▶ _Activity_
Reproduce the records that follow without alteration, apart from removing the pictures.

▶ _Dataset records_
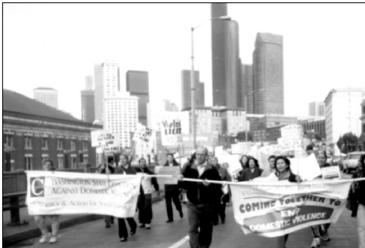
Coming Together To End Domestic Violence

vided a means for discussing domestic violence within a cultural context. These workshops allowed men and elders to discuss the topic in a nonjudgmental environment and created an opportunity for a few community leaders to publicly disclose their own experiences in surviving domestic violence and abuse.
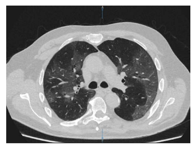
Fig. 3 – Axial thin-section unenhanced computed tomography (CT) scan shows bilateral ground-glass opacities (GGO) with reticulation, bronchiectasis and bronchovascular thickening with central and peripheral distribution.

Results are expressed as number (%) or median (IQR- interquartile range: 25–75th percentile); <sup>1</sup>Cumulative percentage; *Mann-Whitney test; #Kruskal-Wallis test.
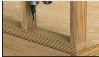
BOTTOM PLATE TO RIM BOARD
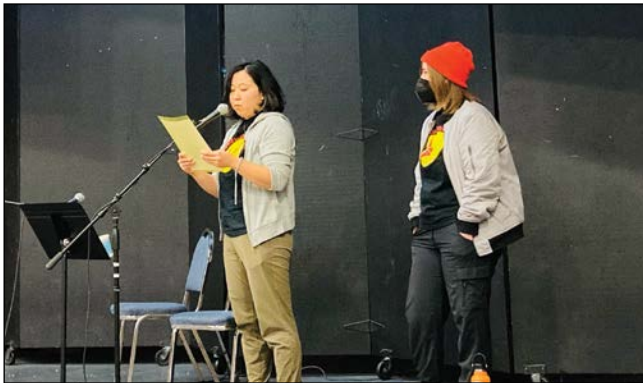
Friends from Tsuru for Solidarity, this year's beneficiary share more about justice causes.
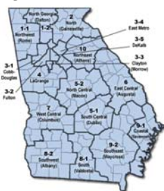
Figure 1: GA Public Health Districts

For influenza surveillance in the West Central Health District (WCHD), hospitals report to SendSS the total number of rapid influenza tests performed and the number of positive tests by influenza type. The infection control practitioner (ICP) at Hospital A in WCHD conducts employee absenteeism surveillance, including a voluntary reporting mechanism that collects information on the reason for absence.
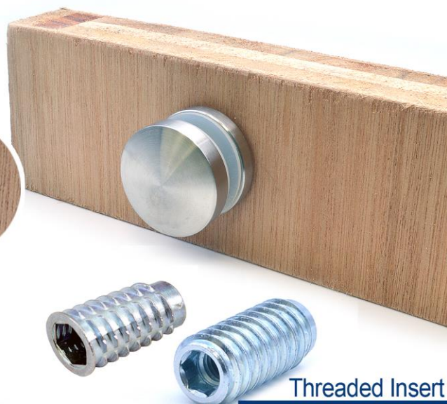
Threaded Insert for Timber
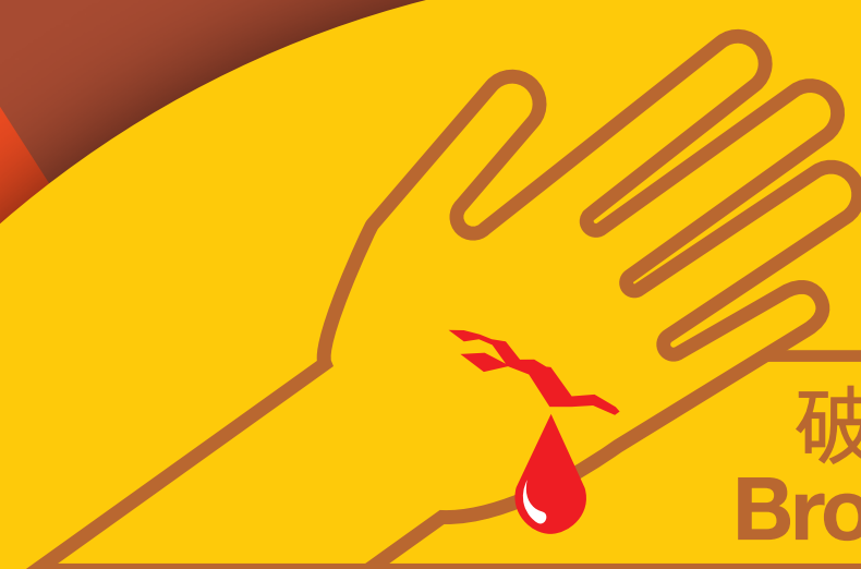
破損皮膚 Broken skin
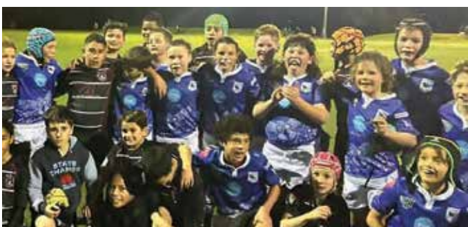
Clovelly Eagles JRFC

Of course, we also had to defend. Which we did most of the time, except for the occasional spell when we forgot to tackle and would leak a few tries that we then had to chase the game. Fortunately, we always leant in and worked together to get out of trouble. Finishing the season really strongly with only 1 loss, we were primed to go deep into the season.
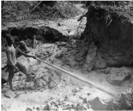
Hydraulic gold miners in Suriname, South America.
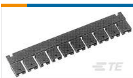
TE Part #2-382811-0 ECONOMY SHUNT, 30 AU BLACK
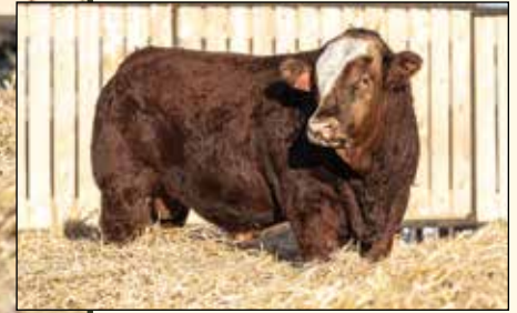
SHORTGRASS LOCK N LOAD 107L

If you're looking for your next Ranch bull, look no further. This guy has such a cowboy presence to him. He is THICK. Great muscling, thick hair coat, amazing feet and dam that you can write home about. Wolfe Hershey is backed by Brink Custer and is easily the deepest female on the farm, she is a powerhouse dam and bred to Virginia Vachon a "stuey" son, I know this 107 bull is going to go out and do great things in your herd. Talk about herd growing ability with this guy, you will want to retain every one of his daughters! You won't see a Virginia Vachon daughter leave this farm, so buy with confidence you'll be calving some herd building females, and extra pounds at weaning.

▶ _Output_
Coming Together To End Domestic Violence

vided a means for discussing domestic violence within a cultural context. These workshops allowed men and elders to discuss the topic in a nonjudgmental environment and created an opportunity for a few community leaders to publicly disclose their own experiences in surviving domestic violence and abuse.
Fig. 3 – Axial thin-section unenhanced computed tomography (CT) scan shows bilateral ground-glass opacities (GGO) with reticulation, bronchiectasis and bronchovascular thickening with central and peripheral distribution.

Results are expressed as number (%) or median (IQR- interquartile range: 25–75th percentile); <sup>1</sup>Cumulative percentage; *Mann-Whitney test; #Kruskal-Wallis test.
BOTTOM PLATE TO RIM BOARD
Friends from Tsuru for Solidarity, this year's beneficiary share more about justice causes.
Figure 1: GA Public Health Districts

For influenza surveillance in the West Central Health District (WCHD), hospitals report to SendSS the total number of rapid influenza tests performed and the number of positive tests by influenza type. The infection control practitioner (ICP) at Hospital A in WCHD conducts employee absenteeism surveillance, including a voluntary reporting mechanism that collects information on the reason for absence.
Threaded Insert for Timber
破損皮膚 Broken skin
Clovelly Eagles JRFC

Of course, we also had to defend. Which we did most of the time, except for the occasional spell when we forgot to tackle and would leak a few tries that we then had to chase the game. Fortunately, we always leant in and worked together to get out of trouble. Finishing the season really strongly with only 1 loss, we were primed to go deep into the season.
Hydraulic gold miners in Suriname, South America.
TE Part #2-382811-0 ECONOMY SHUNT, 30 AU BLACK
SHORTGRASS LOCK N LOAD 107L

If you're looking for your next Ranch bull, look no further. This guy has such a cowboy presence to him. He is THICK. Great muscling, thick hair coat, amazing feet and dam that you can write home about. Wolfe Hershey is backed by Brink Custer and is easily the deepest female on the farm, she is a powerhouse dam and bred to Virginia Vachon a "stuey" son, I know this 107 bull is going to go out and do great things in your herd. Talk about herd growing ability with this guy, you will want to retain every one of his daughters! You won't see a Virginia Vachon daughter leave this farm, so buy with confidence you'll be calving some herd building females, and extra pounds at weaning.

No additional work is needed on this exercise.